Exercise prompt: Every record below, from first to last, should be copied exactly; leave the pictures out.

Dataset excerpts
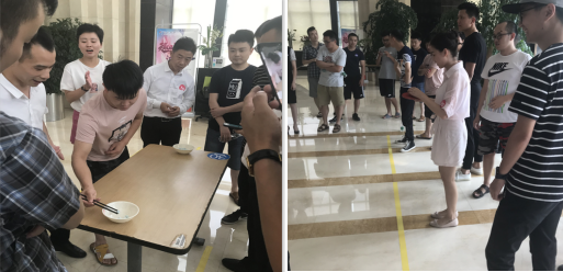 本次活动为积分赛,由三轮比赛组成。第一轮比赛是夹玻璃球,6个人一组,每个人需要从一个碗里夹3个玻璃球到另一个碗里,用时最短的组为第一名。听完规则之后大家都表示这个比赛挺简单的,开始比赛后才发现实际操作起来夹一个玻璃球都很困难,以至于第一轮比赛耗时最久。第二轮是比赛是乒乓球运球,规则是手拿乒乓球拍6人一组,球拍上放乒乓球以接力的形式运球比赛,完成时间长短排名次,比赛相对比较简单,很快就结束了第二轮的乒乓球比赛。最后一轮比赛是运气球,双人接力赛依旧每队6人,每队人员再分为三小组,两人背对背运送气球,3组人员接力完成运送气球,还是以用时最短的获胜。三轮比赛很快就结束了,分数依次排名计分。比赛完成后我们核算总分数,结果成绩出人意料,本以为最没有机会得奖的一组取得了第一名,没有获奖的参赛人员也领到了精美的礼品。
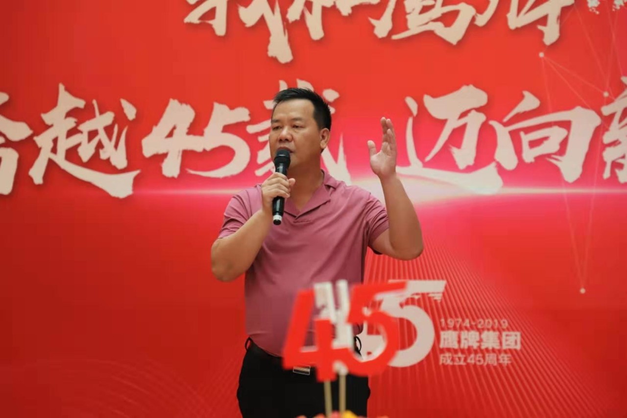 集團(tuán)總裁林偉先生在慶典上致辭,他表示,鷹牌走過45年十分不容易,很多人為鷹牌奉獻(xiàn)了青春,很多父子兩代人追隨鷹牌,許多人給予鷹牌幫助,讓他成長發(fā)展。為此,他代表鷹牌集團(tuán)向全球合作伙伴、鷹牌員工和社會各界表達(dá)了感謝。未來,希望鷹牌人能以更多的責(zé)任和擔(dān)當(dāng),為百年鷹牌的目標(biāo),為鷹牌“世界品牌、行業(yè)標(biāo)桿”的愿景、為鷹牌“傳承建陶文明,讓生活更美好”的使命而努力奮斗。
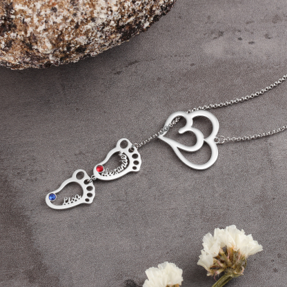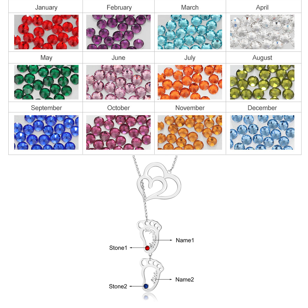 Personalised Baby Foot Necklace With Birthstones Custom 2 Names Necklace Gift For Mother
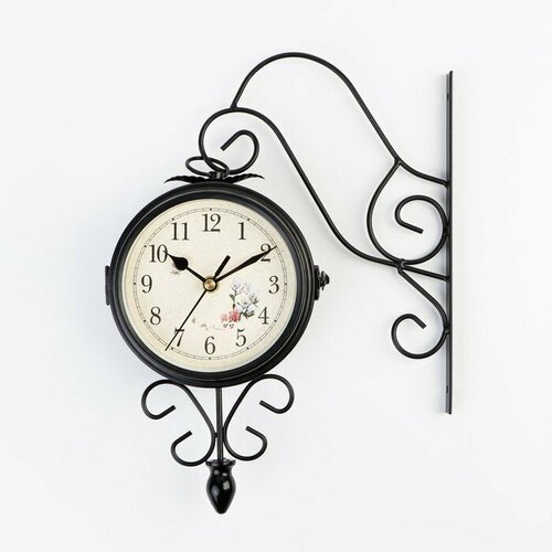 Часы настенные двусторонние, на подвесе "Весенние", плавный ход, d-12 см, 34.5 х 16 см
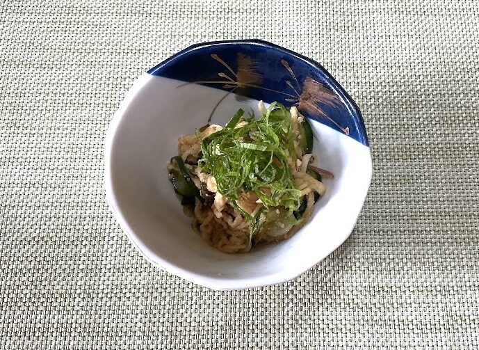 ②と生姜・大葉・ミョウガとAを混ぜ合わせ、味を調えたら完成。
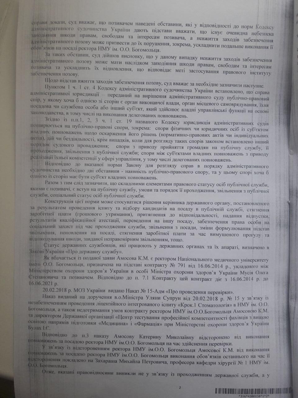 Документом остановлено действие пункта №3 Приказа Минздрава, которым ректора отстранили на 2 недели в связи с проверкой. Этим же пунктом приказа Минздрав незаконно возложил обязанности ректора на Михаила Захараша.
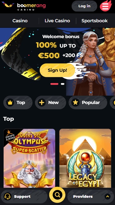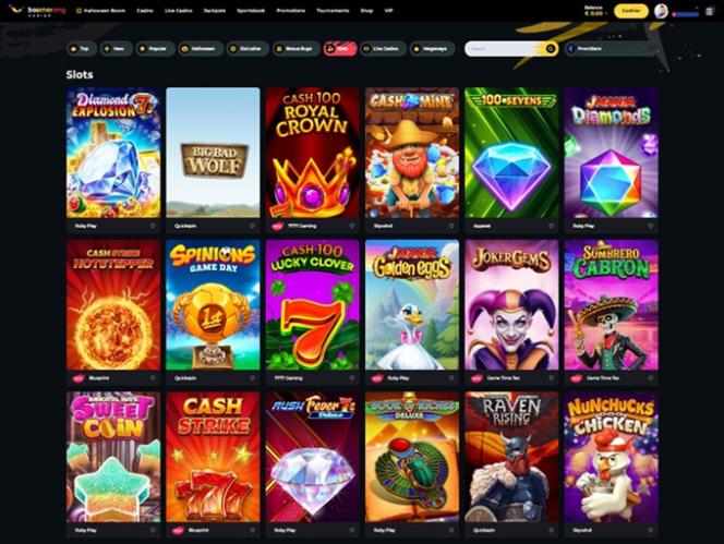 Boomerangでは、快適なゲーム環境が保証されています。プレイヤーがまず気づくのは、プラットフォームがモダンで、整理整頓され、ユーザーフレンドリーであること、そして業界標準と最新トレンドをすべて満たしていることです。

Task solution:
 本次活动为积分赛,由三轮比赛组成。第一轮比赛是夹玻璃球,6个人一组,每个人需要从一个碗里夹3个玻璃球到另一个碗里,用时最短的组为第一名。听完规则之后大家都表示这个比赛挺简单的,开始比赛后才发现实际操作起来夹一个玻璃球都很困难,以至于第一轮比赛耗时最久。第二轮是比赛是乒乓球运球,规则是手拿乒乓球拍6人一组,球拍上放乒乓球以接力的形式运球比赛,完成时间长短排名次,比赛相对比较简单,很快就结束了第二轮的乒乓球比赛。最后一轮比赛是运气球,双人接力赛依旧每队6人,每队人员再分为三小组,两人背对背运送气球,3组人员接力完成运送气球,还是以用时最短的获胜。三轮比赛很快就结束了,分数依次排名计分。比赛完成后我们核算总分数,结果成绩出人意料,本以为最没有机会得奖的一组取得了第一名,没有获奖的参赛人员也领到了精美的礼品。
 集團(tuán)總裁林偉先生在慶典上致辭,他表示,鷹牌走過45年十分不容易,很多人為鷹牌奉獻(xiàn)了青春,很多父子兩代人追隨鷹牌,許多人給予鷹牌幫助,讓他成長發(fā)展。為此,他代表鷹牌集團(tuán)向全球合作伙伴、鷹牌員工和社會各界表達(dá)了感謝。未來,希望鷹牌人能以更多的責(zé)任和擔(dān)當(dāng),為百年鷹牌的目標(biāo),為鷹牌“世界品牌、行業(yè)標(biāo)桿”的愿景、為鷹牌“傳承建陶文明,讓生活更美好”的使命而努力奮斗。
 Personalised Baby Foot Necklace With Birthstones Custom 2 Names Necklace Gift For Mother
 Часы настенные двусторонние, на подвесе "Весенние", плавный ход, d-12 см, 34.5 х 16 см
 ②と生姜・大葉・ミョウガとAを混ぜ合わせ、味を調えたら完成。
 Документом остановлено действие пункта №3 Приказа Минздрава, которым ректора отстранили на 2 недели в связи с проверкой. Этим же пунктом приказа Минздрав незаконно возложил обязанности ректора на Михаила Захараша.
 Boomerangでは、快適なゲーム環境が保証されています。プレイヤーがまず気づくのは、プラットフォームがモダンで、整理整頓され、ユーザーフレンドリーであること、そして業界標準と最新トレンドをすべて満たしていることです。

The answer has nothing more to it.